[Recorded data]
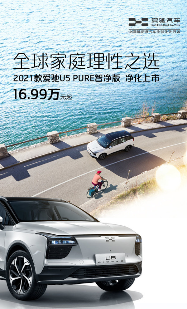 16.99万起!爱驰U5 PURE智净版净化上市 可自由选配
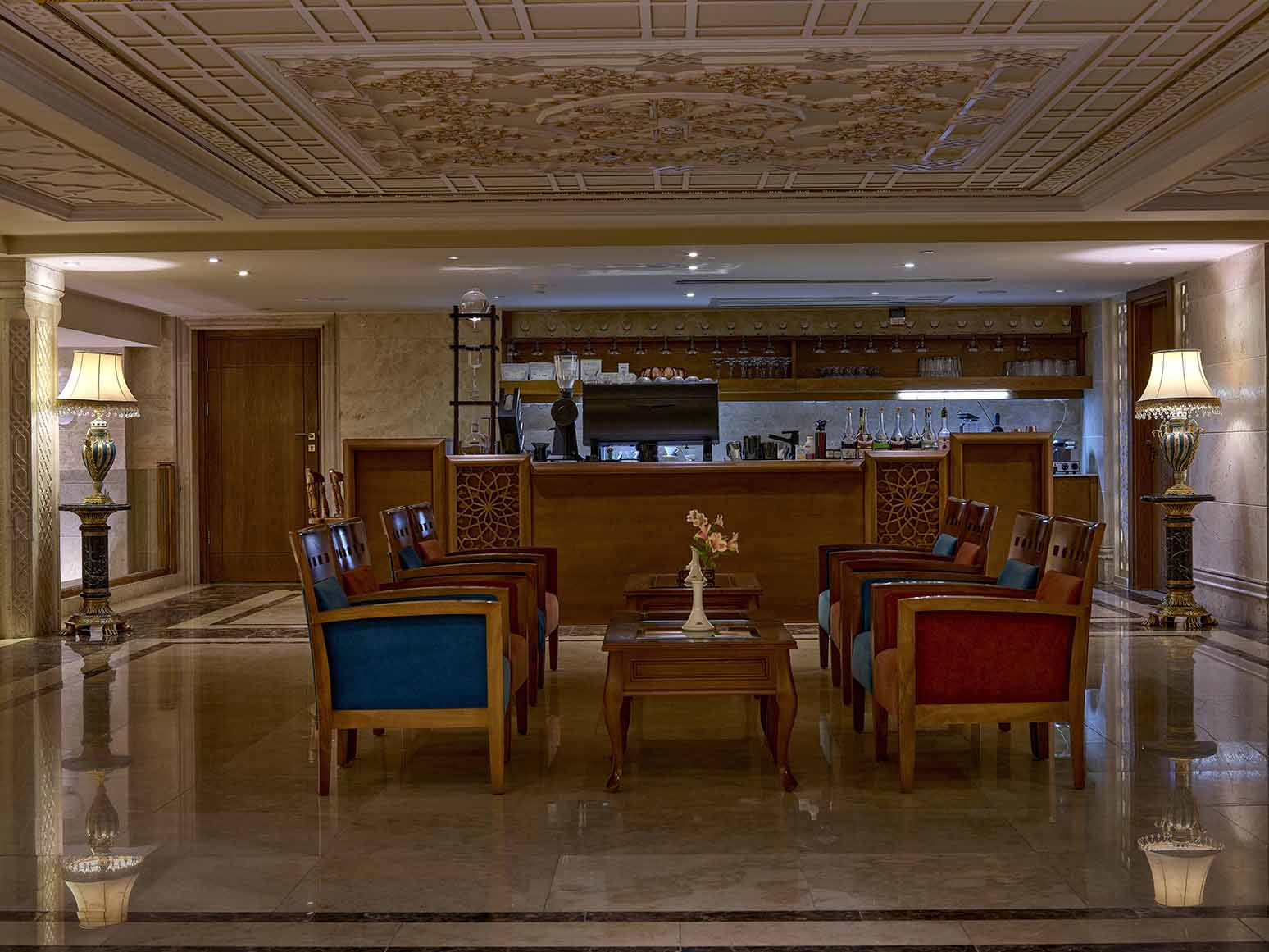 سوئیت مجلل و زیبای زندیه در فضایی بسیار شیک و متفاوت همراه با مبلمان مجلل و دکوراسیون ویژه و بالکن مخصوص آراسته به گل و گیاه و با چشم اندازی بسیار زیبا و بی نظیر از سویی به دروازه قرآن و از سویی دیگر به ارگ زیبای کریمخان می باشد.
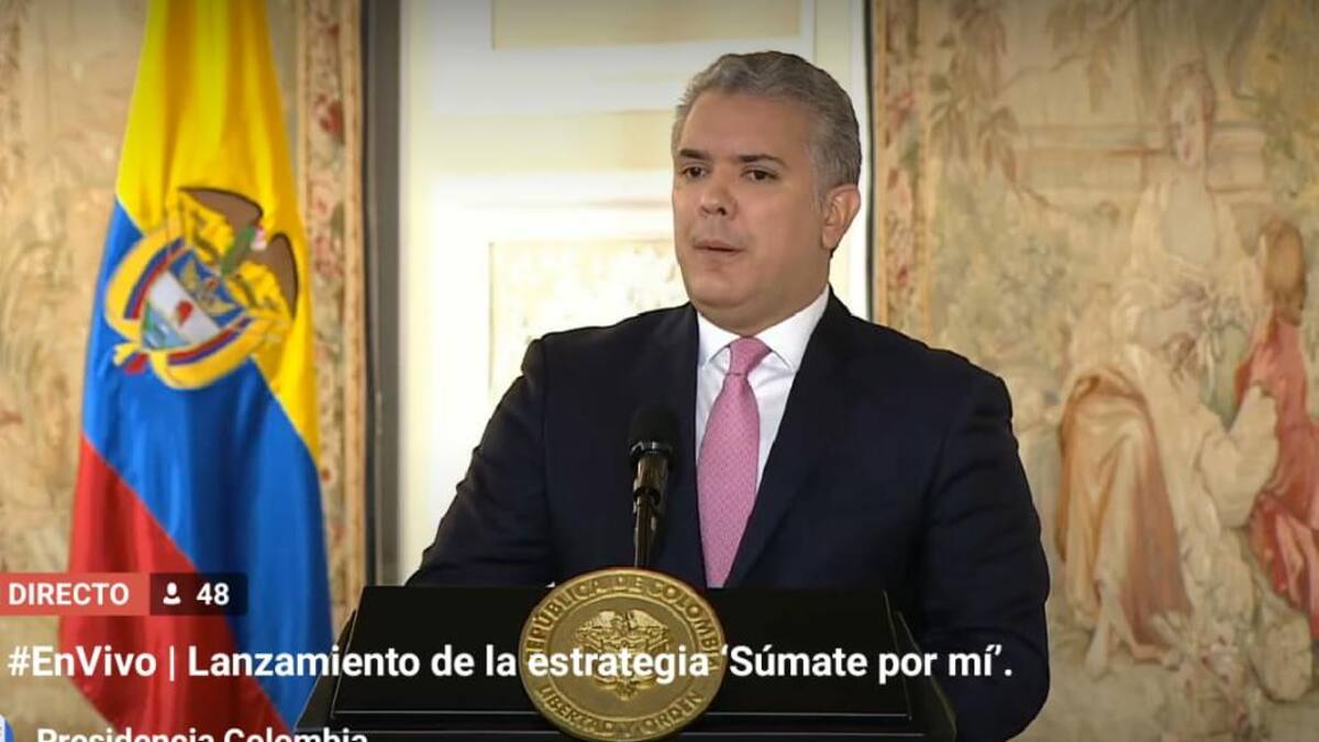 El presidente Iván Duque presentó este miércoles en la Casa de Nariño la estrategia 'Súmate por mí', para la prevención del reclutamiento, uso, utilización y violencia sexual contra niños, niñas y adolescentes para territorios en alto riesgo.
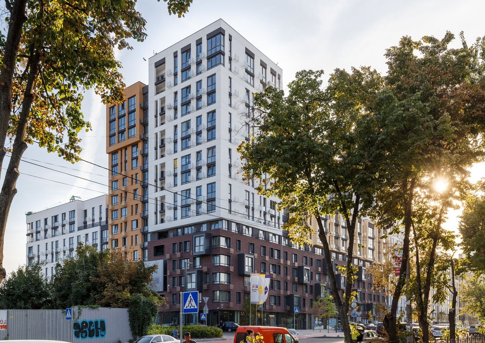 «Файна Таун» – жилой комплекс на ул. Салютная, 2б, сооружаемый по проекту, целью которого является создание заполненного пространством и солнечным светом открытого квартала с комфортной среды обитания.
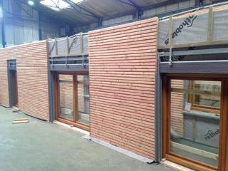 Las lamas son perfiles huecos de 45x45 mm, compuestos de madera y PVC al 50%, ligeramente raspados para mejorar su aspecto fibroso. Tienen tapones, el inferior perforado para evitar condensaciones interiores. Este nuevo material busca mantener la grata percepción de las texturas naturales como la madera, pero añadiendo durabilidad mediante la mezcla con plásticos. Su carácter innovador y tecnológico contrasta con la colocación mediante un detalle deliberadamente sencillo y directo. En el muro de fábrica se sujetan unos jabalcones sobre los que van colocados rastreles horizontales cada 120 cm aproximadamente, todo ello resuelto con tubo de acero galvanizado 80.50.2 que asegura una mayor durabilidad y se puede colocar sin soldaduras, mediante tornillos que permitan su dilatación. Sobre esos rastreles se atornillan por detrás las lamas verticales, sujetas con una L de acero galvanizado, avellanada para permitir la fuerte dilatación de este material, de casi 1 mm por cada metro de longitud. Su separación es variable, para evitar que coincidan verticalmente. Así cada paño tiene una trama ligeramente distinta. Las lamas forman bandas horizontales
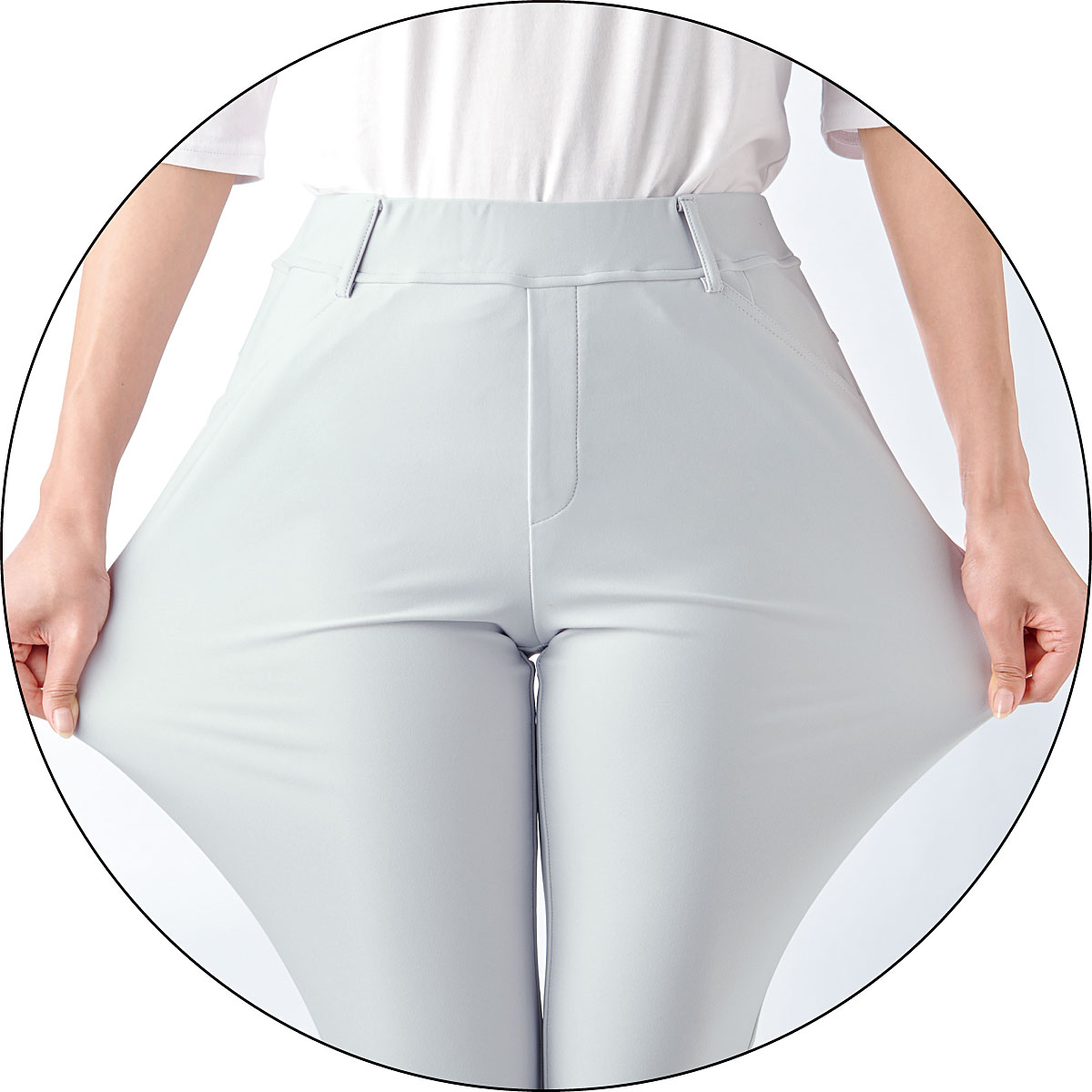 ーお得ポイントータテヨコストレッチと吸汗速乾で楽でサラッとした着心地ーデザインーポケットや飾りひも付きでトップスインでも決まります。ウエストゴム仕様で背中に隙間ができにくくしゃがんでも安心です。深めの後ろ股上でお腹側はもちろん、後ろ側はお尻をすっぽりカバーします。ー素材特徴ー吸汗速乾やUVカットなど夏に快適な素材で洗濯機でも洗えます。ハリのある全方向ストレッチで楽なのに美シルエットをキープ!
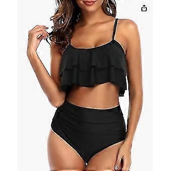 المرأة تصميم جديد قطعتين كشكش عالية الخصر بيكيني ملابس السباحة
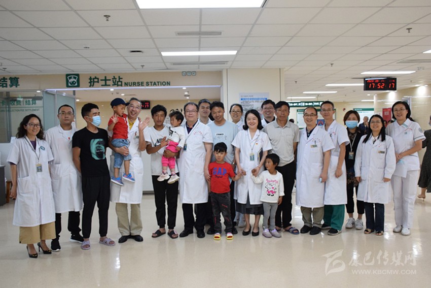 成都市第五人民醫(yī)院醫(yī)護(hù)人員與先心病小朋友、家屬合影。
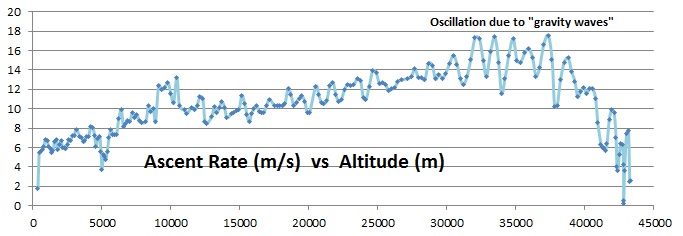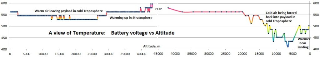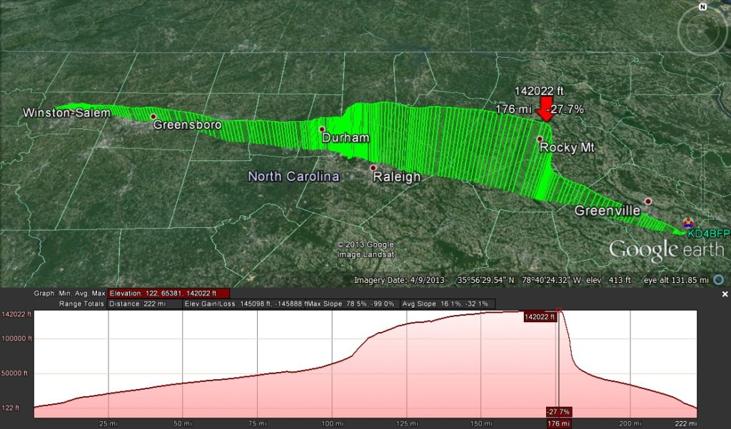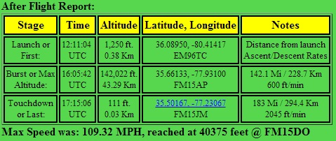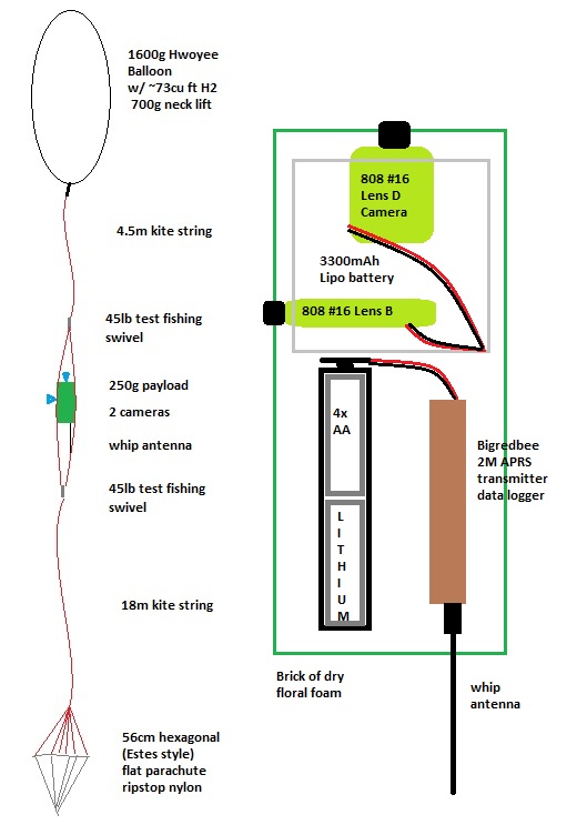 Details:  The payload was about 280g and consisted of a block of foam with a BigRedBee APRS transmitter/logger and two 808 #16 video cameras.  We used a 1600g cell and H2.  To prevent chute tangles with the popped balloon, we under-hung a homemade 56cm chute.  This allowed us to video the balloon on the way up and the ground on the way down.  It wasn’t a very attractive payload, and the foam was a mess to deal with, but it weighed practically nothing.
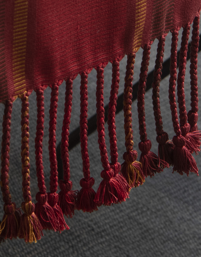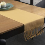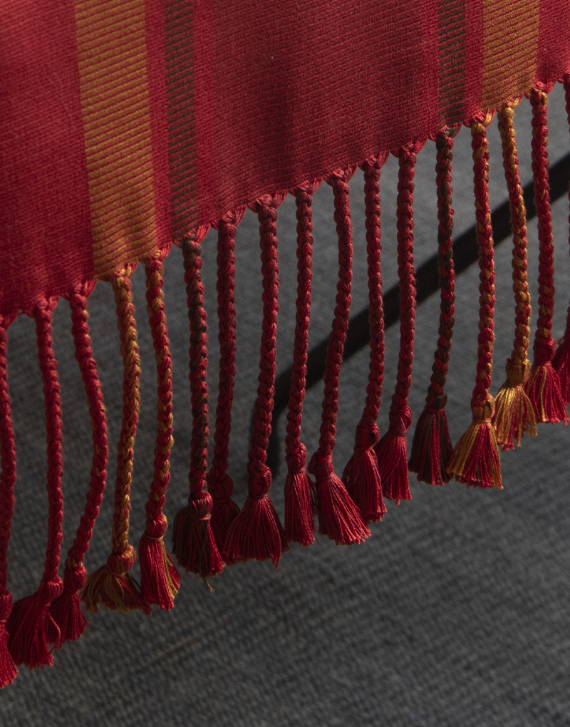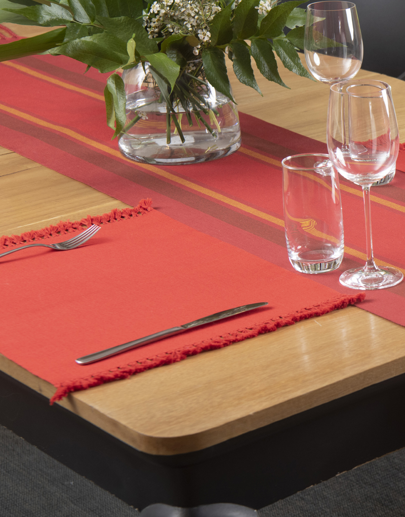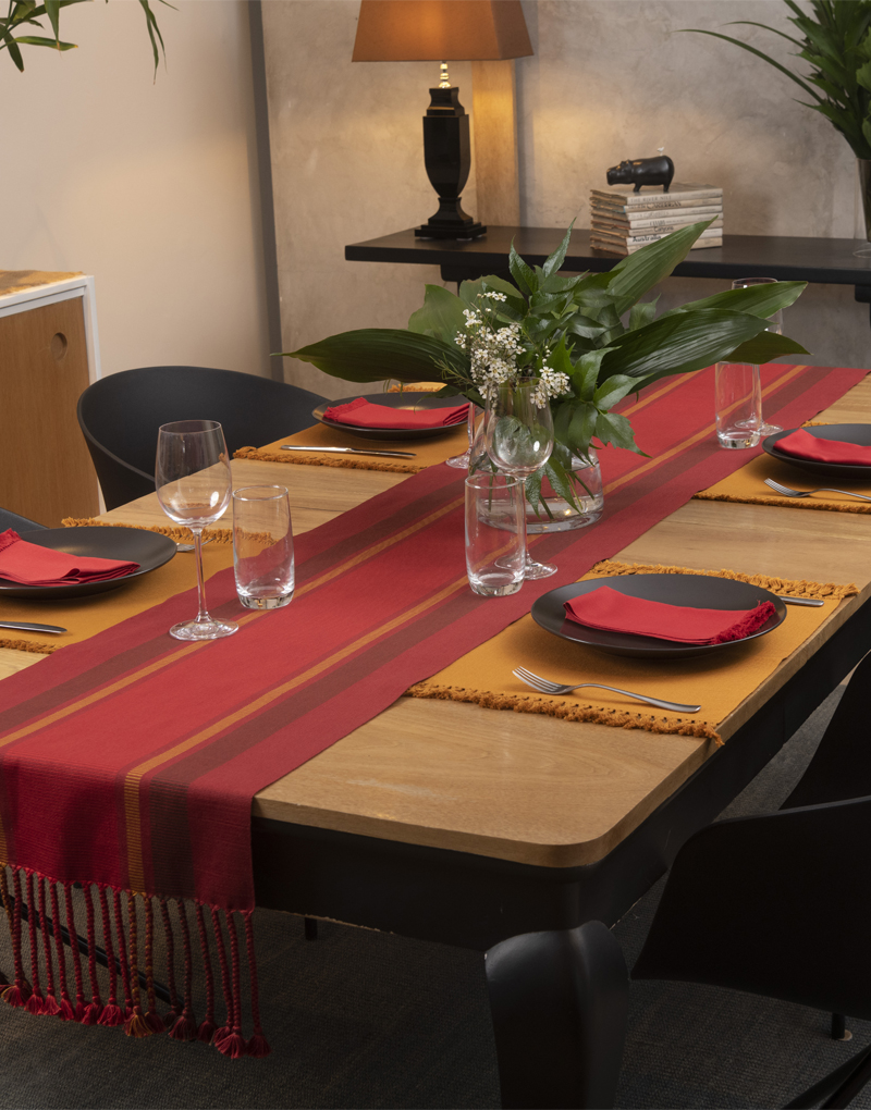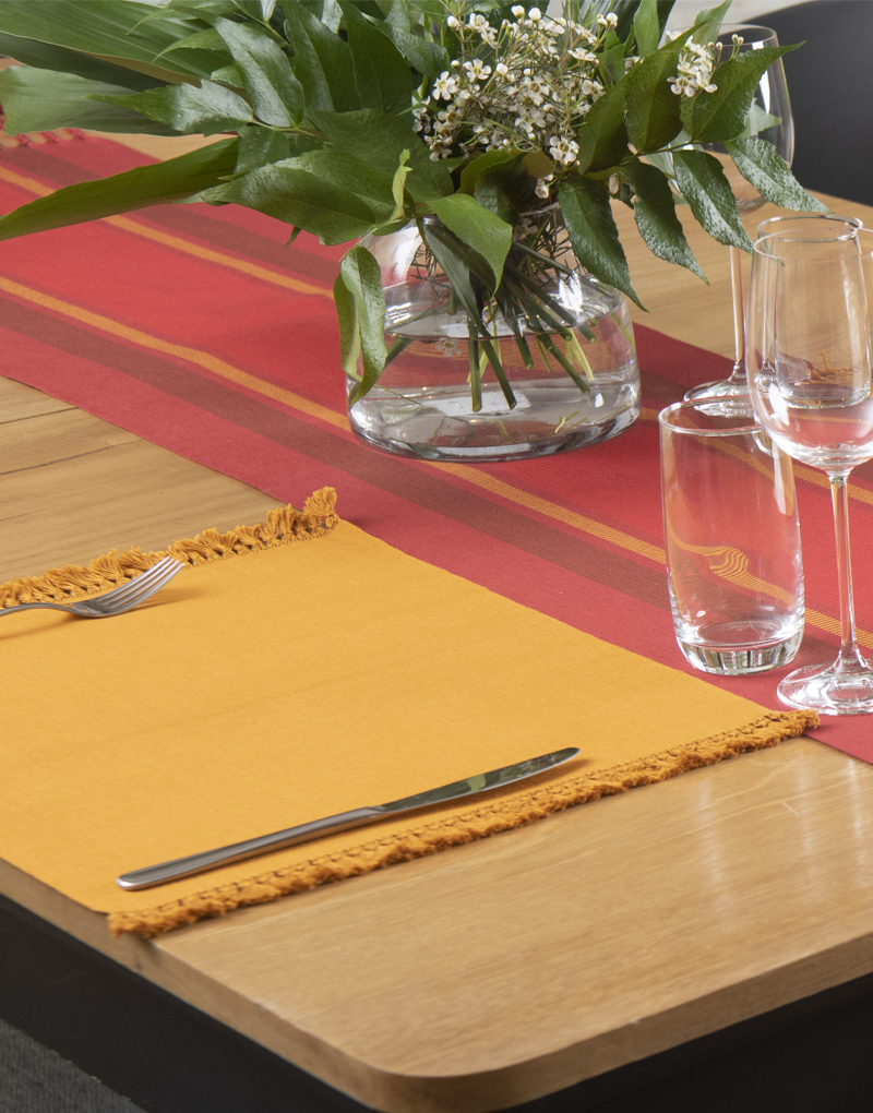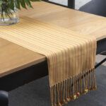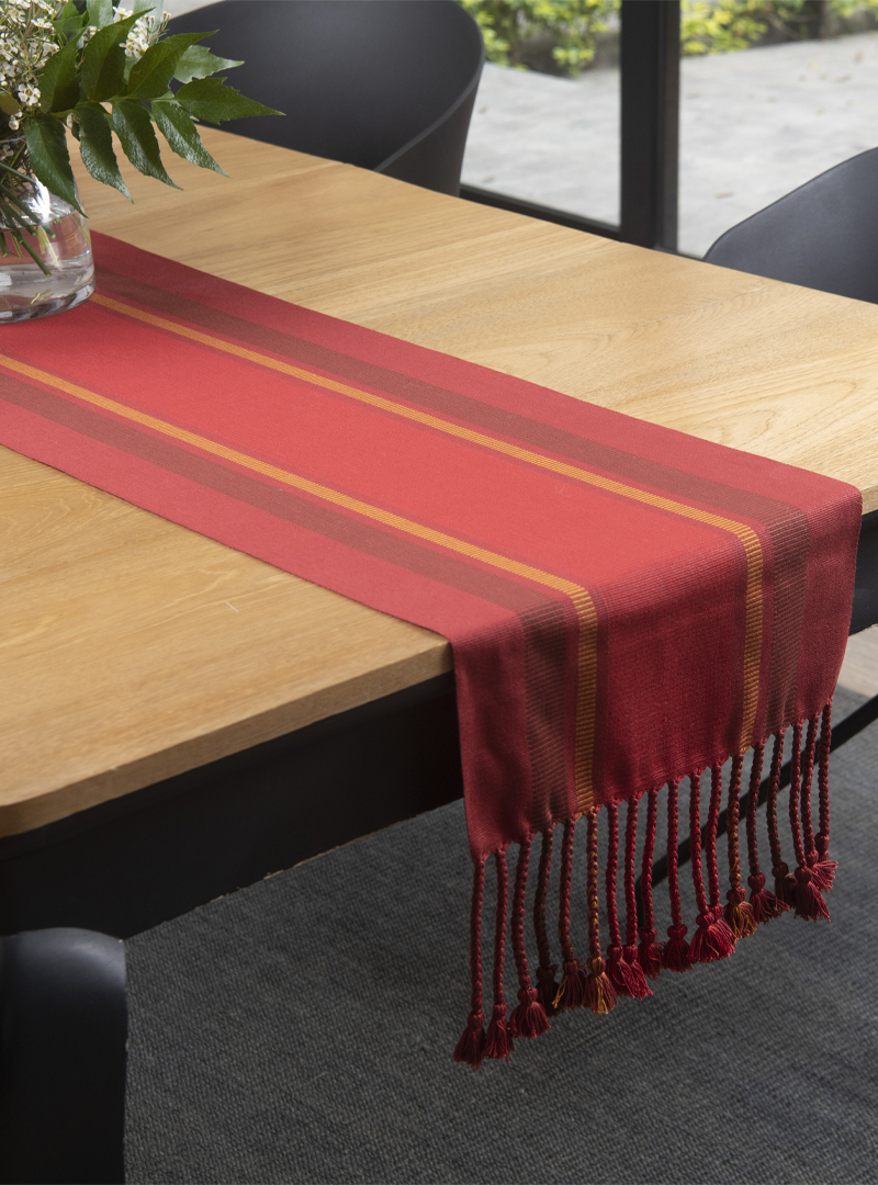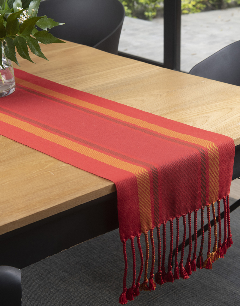 Camino de mesa de tela gruesa, rayada doble urdido Centro, tejido a mano con hilado de algodón Pima mercerizado, con trenzas.

**THE TASK:**
Repeat the data above in full and exactly. Omit every image.

**SOLVED PROBLEM:**
 16.99万起!爱驰U5 PURE智净版净化上市 可自由选配
 سوئیت مجلل و زیبای زندیه در فضایی بسیار شیک و متفاوت همراه با مبلمان مجلل و دکوراسیون ویژه و بالکن مخصوص آراسته به گل و گیاه و با چشم اندازی بسیار زیبا و بی نظیر از سویی به دروازه قرآن و از سویی دیگر به ارگ زیبای کریمخان می باشد.
 El presidente Iván Duque presentó este miércoles en la Casa de Nariño la estrategia 'Súmate por mí', para la prevención del reclutamiento, uso, utilización y violencia sexual contra niños, niñas y adolescentes para territorios en alto riesgo.
 «Файна Таун» – жилой комплекс на ул. Салютная, 2б, сооружаемый по проекту, целью которого является создание заполненного пространством и солнечным светом открытого квартала с комфортной среды обитания.
 Las lamas son perfiles huecos de 45x45 mm, compuestos de madera y PVC al 50%, ligeramente raspados para mejorar su aspecto fibroso. Tienen tapones, el inferior perforado para evitar condensaciones interiores. Este nuevo material busca mantener la grata percepción de las texturas naturales como la madera, pero añadiendo durabilidad mediante la mezcla con plásticos. Su carácter innovador y tecnológico contrasta con la colocación mediante un detalle deliberadamente sencillo y directo. En el muro de fábrica se sujetan unos jabalcones sobre los que van colocados rastreles horizontales cada 120 cm aproximadamente, todo ello resuelto con tubo de acero galvanizado 80.50.2 que asegura una mayor durabilidad y se puede colocar sin soldaduras, mediante tornillos que permitan su dilatación. Sobre esos rastreles se atornillan por detrás las lamas verticales, sujetas con una L de acero galvanizado, avellanada para permitir la fuerte dilatación de este material, de casi 1 mm por cada metro de longitud. Su separación es variable, para evitar que coincidan verticalmente. Así cada paño tiene una trama ligeramente distinta. Las lamas forman bandas horizontales
 ーお得ポイントータテヨコストレッチと吸汗速乾で楽でサラッとした着心地ーデザインーポケットや飾りひも付きでトップスインでも決まります。ウエストゴム仕様で背中に隙間ができにくくしゃがんでも安心です。深めの後ろ股上でお腹側はもちろん、後ろ側はお尻をすっぽりカバーします。ー素材特徴ー吸汗速乾やUVカットなど夏に快適な素材で洗濯機でも洗えます。ハリのある全方向ストレッチで楽なのに美シルエットをキープ!
 المرأة تصميم جديد قطعتين كشكش عالية الخصر بيكيني ملابس السباحة
 成都市第五人民醫(yī)院醫(yī)護(hù)人員與先心病小朋友、家屬合影。
 Details:  The payload was about 280g and consisted of a block of foam with a BigRedBee APRS transmitter/logger and two 808 #16 video cameras.  We used a 1600g cell and H2.  To prevent chute tangles with the popped balloon, we under-hung a homemade 56cm chute.  This allowed us to video the balloon on the way up and the ground on the way down.  It wasn’t a very attractive payload, and the foam was a mess to deal with, but it weighed practically nothing.
 Camino de mesa de tela gruesa, rayada doble urdido Centro, tejido a mano con hilado de algodón Pima mercerizado, con trenzas.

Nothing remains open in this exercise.